Instruction for the data below: set down exactly the lines from the line with "6月,國際棉花期、現(xià" to the line with "手の甲側にはゴールドカラーのバックルをあしらいさりげないアクセントに。 人差し指にはタッチパネル操作可能な刺繍入りです。 |", inclusive, and no others.
==== The records ====
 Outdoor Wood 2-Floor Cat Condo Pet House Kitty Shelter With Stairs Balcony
====
==== The records ====
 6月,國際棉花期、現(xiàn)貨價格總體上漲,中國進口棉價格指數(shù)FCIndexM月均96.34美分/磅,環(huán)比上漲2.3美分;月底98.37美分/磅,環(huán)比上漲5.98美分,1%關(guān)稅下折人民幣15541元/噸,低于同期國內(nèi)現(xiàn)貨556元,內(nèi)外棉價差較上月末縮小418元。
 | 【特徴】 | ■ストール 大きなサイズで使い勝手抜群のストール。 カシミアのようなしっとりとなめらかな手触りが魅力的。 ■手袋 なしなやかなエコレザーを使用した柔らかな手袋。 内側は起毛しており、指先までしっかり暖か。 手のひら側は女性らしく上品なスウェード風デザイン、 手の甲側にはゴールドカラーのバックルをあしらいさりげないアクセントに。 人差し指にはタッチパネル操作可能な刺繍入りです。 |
====
### [Answer box]
 6月,國際棉花期、現(xiàn)貨價格總體上漲,中國進口棉價格指數(shù)FCIndexM月均96.34美分/磅,環(huán)比上漲2.3美分;月底98.37美分/磅,環(huán)比上漲5.98美分,1%關(guān)稅下折人民幣15541元/噸,低于同期國內(nèi)現(xiàn)貨556元,內(nèi)外棉價差較上月末縮小418元。
 | 【特徴】 | ■ストール 大きなサイズで使い勝手抜群のストール。 カシミアのようなしっとりとなめらかな手触りが魅力的。 ■手袋 なしなやかなエコレザーを使用した柔らかな手袋。 内側は起毛しており、指先までしっかり暖か。 手のひら側は女性らしく上品なスウェード風デザイン、 手の甲側にはゴールドカラーのバックルをあしらいさりげないアクセントに。 人差し指にはタッチパネル操作可能な刺繍入りです。 |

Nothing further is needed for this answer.